If you configured the co-located cluster with a service dependency, then these properties are configured in your deployment and no additional steps are needed to enable or configure TLS/SSL.

However, if you chose to set up the co-located cluster with a Kafka credential, these properties might not be configured. Although in a case like this the properties required by Streams Replication Manager to access the co-located cluster will be set, the server functionality of the roles will not be TLS/SSL enabled. Additionally, while not crucial, no fallback properties will be set up for security either. In a case like this Cloudera recommends that you complete the following steps.

  1. In Cloudera Manager, go to Clusters and select the Streams Replication Manager service.
  2. Go to Configuration.
  3. Find and configure the following properties based on your cluster and requirements:
    Table 1.
    Cloudera Manager Property Description
    Enable TLS/SSL for SRM Driver Encrypt communication between clients and Streams Replication Manager Driver using Transport Layer Security (TLS) (formerly known as Secure Socket Layer (SSL)).
    SRM Driver TLS/SSL Server JKS Keystore File Location The path to the TLS/SSL keystore file containing the server certificate and private key used for TLS/SSL. Used when Streams Replication Manager Driver is acting as a TLS/SSL server. The keystore must be in JKS format.

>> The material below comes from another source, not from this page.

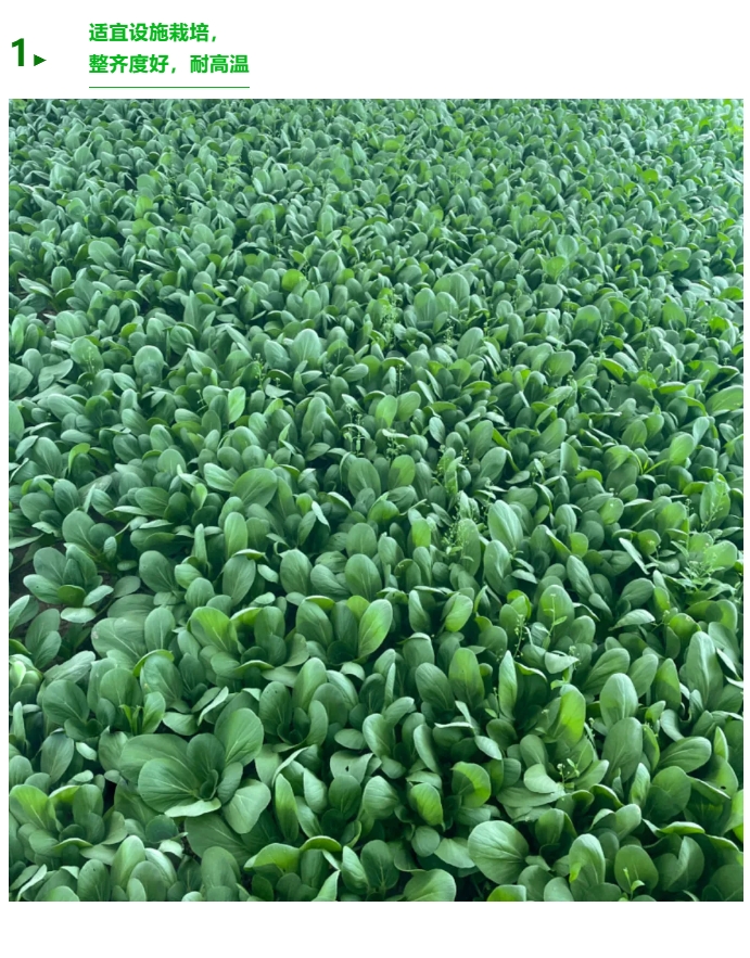設施栽培首先品種“國夏3號 ” 是京研種業育成的雜交一代青梗菜品種。植株長勢較

    SRM Driver TLS/SSL Server JKS Keystore File Password The password for the Streams Replication Manager Driver JKS keystore file.
    SRM Driver TLS/SSL Server JKS Keystore Key Password The password that protects the private key contained in the JKS keystore used when Streams Replication Manager Driver is acting as a TLS/SSL server.
    SRM Driver TLS/SSL Trust Store File The location on disk of the trust store, in .jks format, used to confirm the authenticity of TLS/SSL servers that Streams Replication Manager Driver might connect to. This trust store must contain the certificate(s) used to sign the service(s) connected to. If this parameter is not provided, the default list of well-known certificate authorities is used instead.
    SRM Driver TLS/SSL Trust Store Password The password for the Streams Replication Manager Driver TLS/SSL Trust Store File. This password is not required to access the trust store; this field can be left blank. This password provides optional integrity checking of the file. The contents of trust stores are certificates, and certificates are public information.
    Enable TLS/SSL for SRM Service Encrypt communication between clients and Streams Replication Manager Service using Transport Layer Security (TLS) (formerly known as Secure Socket Layer (SSL))
    SRM Service TLS/SSL Server JKS Keystore File Location The path to the TLS/SSL keystore file containing the server certificate and private key used for TLS/SSL. Used when Streams Replication Manager Service is acting as a TLS/SSL server. The keystore must be in JKS format.
    SRM Service TLS/SSL Server JKS Keystore File Password The password for the Streams Replication Manager Service JKS keystore file.
    SRM Service TLS/SSL Server JKS Keystore Key Password The password that protects the private key contained in the JKS keystore used when Streams Replication Manager Service is acting as a TLS/SSL server.
    SRM Service TLS/SSL Trust Store File The location on disk of the trust store, in .jks format, used to confirm the authenticity of TLS/SSL servers that Streams Replication Manager Service might connect to. This trust store must contain the certificate(s) used to sign the service(s) connected to. If this parameter is not provided, the default list of well-known certificate authorities is used instead.
    SRM Service TLS/SSL Trust Store Password The password for the Streams Replication Manager Service TLS/SSL Trust Store File. This password is not required to access the trust store; this field can be left blank. This password provides optional integrity checking of the file. The contents of trust stores are certificates, and certificates are public information.
  4. Click Save Changes.
  5. Restart the Streams Replication Manager service.